Why does it matter that recombination happened if it goes back to normal — wouldn’t the distance be the same as if no recombination happened?

It matters because genetic distance is supposed to measure how often crossing over occurs, not just the visible result. Even if the final alleles look the same as the parent, the fact that two crossovers occurred means the region between the genes is large enough for that to happen.

So if we ignore these hidden double crossovers, we assume less recombination happened than actually did — which makes the genes appear closer together on the map than they really are.


👉 It’s like measuring traffic by only counting the cars you see — if a few take hidden roads and you miss them, it seems like the road is less busy than it actually is.

What is a two-point testcross?

A testcross between two genes to measure recombination frequency and determine if they are linked.

What does a 50% recombination frequency in a two-point testcross mean?

The genes are either on different chromosomes or very far apart on the same one — they assort independently and are not linked.

How can you identify linkage groups using two-point testcross data?

Genes with recombination frequencies less than 50% are likely in the same linkage group.

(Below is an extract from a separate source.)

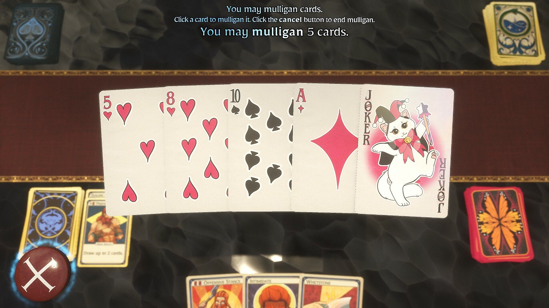Cat-themed playing card decks bring fresh flair to strategy RPG adventures on PC. Players select this deck through Options for use across all game modes. It showcases bespoke artwork with Scottish Fold, Siamese, and Sphynx breeds, plus distinct cat characters on face cards and a Jester cat as the Joker.

Those with 50% are in different groups.

In two-point testcross data, how do you determine gene order?

Start with the largest distance (highest recombination %) to place genes farthest apart, then insert the remaining gene between them based on other distances.

Why might distances from two-point testcrosses not add up perfectly?

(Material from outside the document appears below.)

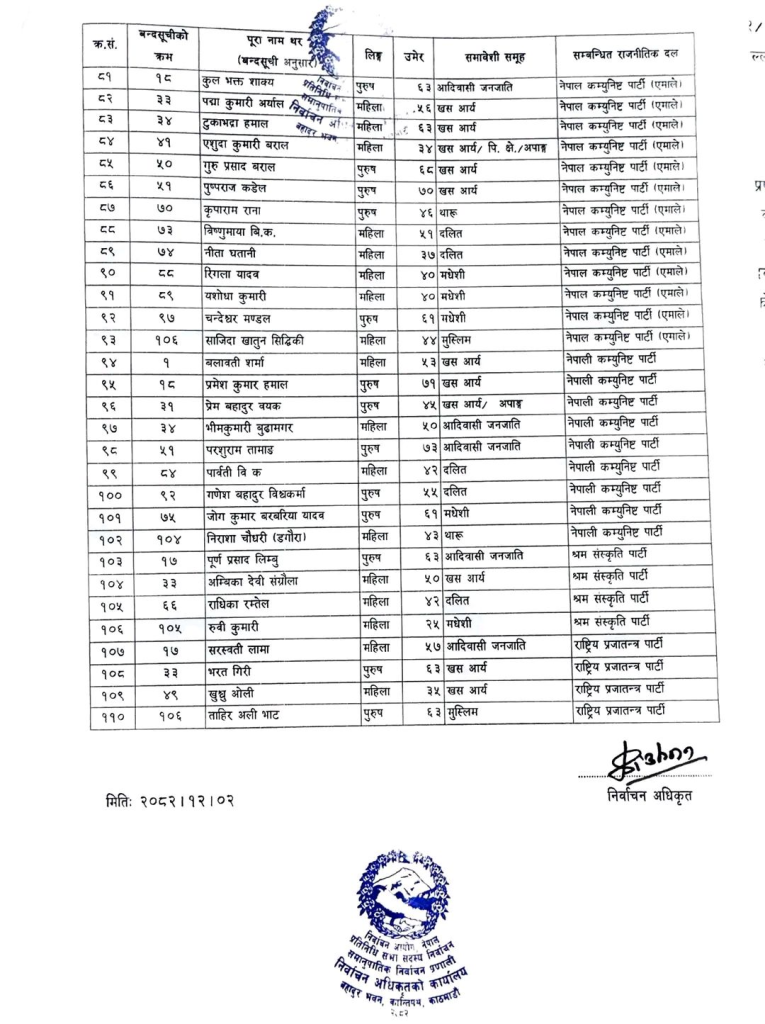 निर्वाचन आयोगले गत फागुन २१ गते सम्पन्न प्रतिनिधि सभा सदस्य निर्वाचन अन्तर्गत समानुपातिक तर्फ निर्वाचित ११० जना सांसदलाई आज प्रमाणपत्र प्रदान गर्ने भएको छ। आयोगले विभिन्न राजनीतिक दलहरूले प्राप्त गरेको मतको आधारमा समानुपातिक सांसदहरूको सूची केहि दिन अघि सार्वजनिक गरिसकेको छ।

Because recombination frequencies are less accurate over longer distances, often due to undetected double crossovers.

What is a three-point testcross?

A single testcross involving three genes used to determine gene order and map distances more efficiently than multiple two-point crosses.

why would the distance adding up to 30 be more accurate that the calculate recombination frequency of 28

he calculated recombination frequency (like 28%) underestimates the true number of crossovers — so the genetic distance appears shorter than it really is (maybe it’s actually 30 or more).

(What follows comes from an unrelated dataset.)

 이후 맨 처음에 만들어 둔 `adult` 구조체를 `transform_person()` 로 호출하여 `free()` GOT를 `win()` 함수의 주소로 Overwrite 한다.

👉 The farther apart the genes, the more hidden swaps can happen, making our map “look shorter” than it is.

What does “Note: Double crossover, outer alleles same as non-recombinants, but the middle gene alleles recombine” mean?

In a double crossover involving three genes, two crossovers happen — one on each side of the middle gene.

This causes the outer genes (first and third) to stay in the same order as the non-recombinant (parental) chromosomes, but the middle gene gets flipped between them.


👉 That’s why in double crossover offspring, the outside alleles match the parents, but the middle gene is different — and that’s how we find the gene in the middle!

Why can’t A and C just swap instead of B?

Because A and C are outside the crossover regions.

Crossing over only affects the sections of DNA between the crossover points.


Since the double crossover is happening on either side of gene B, it's the only one in the affected segment.


👉 Only DNA between the two crossover points is exchanged — that’s why the middle gene is the one that changes.

Why is a three-point testcross more efficient?

It provides info about gene order and recombination frequencies for three genes in just one cross, saving time and effort.

Step 1 – What do you do first when using progeny numbers to find gene order?

st (eye color)


ss (bristle type)


e (body color)

Identify the non-recombinant progeny — these are the two most common phenotypes. They show the original parental combinations of alleles.

🧪 Example: Let’s say the two most common (highest numbers) phenotypes are:


st⁺ ss⁺ e⁺


st ss e


These are the non-recombinants.

Step 2 – What do the least common progeny tell us in a three-point cross?

They are the double crossover progeny — produced when two crossovers happen, which is rare.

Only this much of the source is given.